Traffic-Calming Measures To Be Discussed In Fenwick

FENWICK ISLAND – Officials in Fenwick Island say they are considering a symposium to discuss potential traffic-calming measures along Bunting Avenue.

Earlier this year, the town began working with an engineering circuit rider with the Delaware Center for Transportation to observe traffic conditions along Bunting Avenue, Maryland Avenue and Island Street and produce recommendations that would reduce cut-through traffic and speeding along those roads.

And late last month, the town council took its first steps to address those concerns by voting to purchase and place temporary speed bumps along Maryland Avenue and Island Street.

In an update this week, Councilman Richard Benn told members of the Fenwick Island Infrastructure Committee that Public Works Manager Mike Locke would be resubmitting the expenditure request to the town council after learning the cost of the speed bumps was more than originally anticipated. Following the council vote, the temporary speed bumps would be tested along the two side streets.

“We’re going to get input from the community once we put them in,” he said.

Benn noted, however, that the biggest discussion topic continued to be Bunting Avenue.
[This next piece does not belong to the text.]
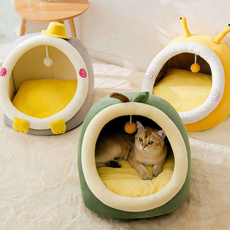 The circular, cocoon-like structure offers both privacy and security while allowing cats and dogs to roll, curl up, or stretch freely inside—making it an ideal year-round resting spot.

One of the suggestions presented to the infrastructure committee earlier this summer was a plan to convert Bunting into a one-way street, with vehicular traffic on one side and a bike and pedestrian pathway on the other.

“I’m getting all kinds of mixed signals on that idea,” he told committee members this week. “They are either diametrically opposed or they think it’s the best thing that will ever happen.”

To better gauge public opinion, Benn said there had been some discussion with Fenwick Island Planning Commission Chair Amy Kyle about holding a symposium.

“Amy suggested in conjunction with planning commission to do a symposium on Bunting, to get ideas,” he said. “I think it’s a wonderful idea.”

Kyle, however, noted that the commission wanted the infrastructure committee’s input.

“We haven’t set any date,” she said. “We wanted to give your group a chance, to see what you thought.”

Benn said he wanted to give the community time to share ideas.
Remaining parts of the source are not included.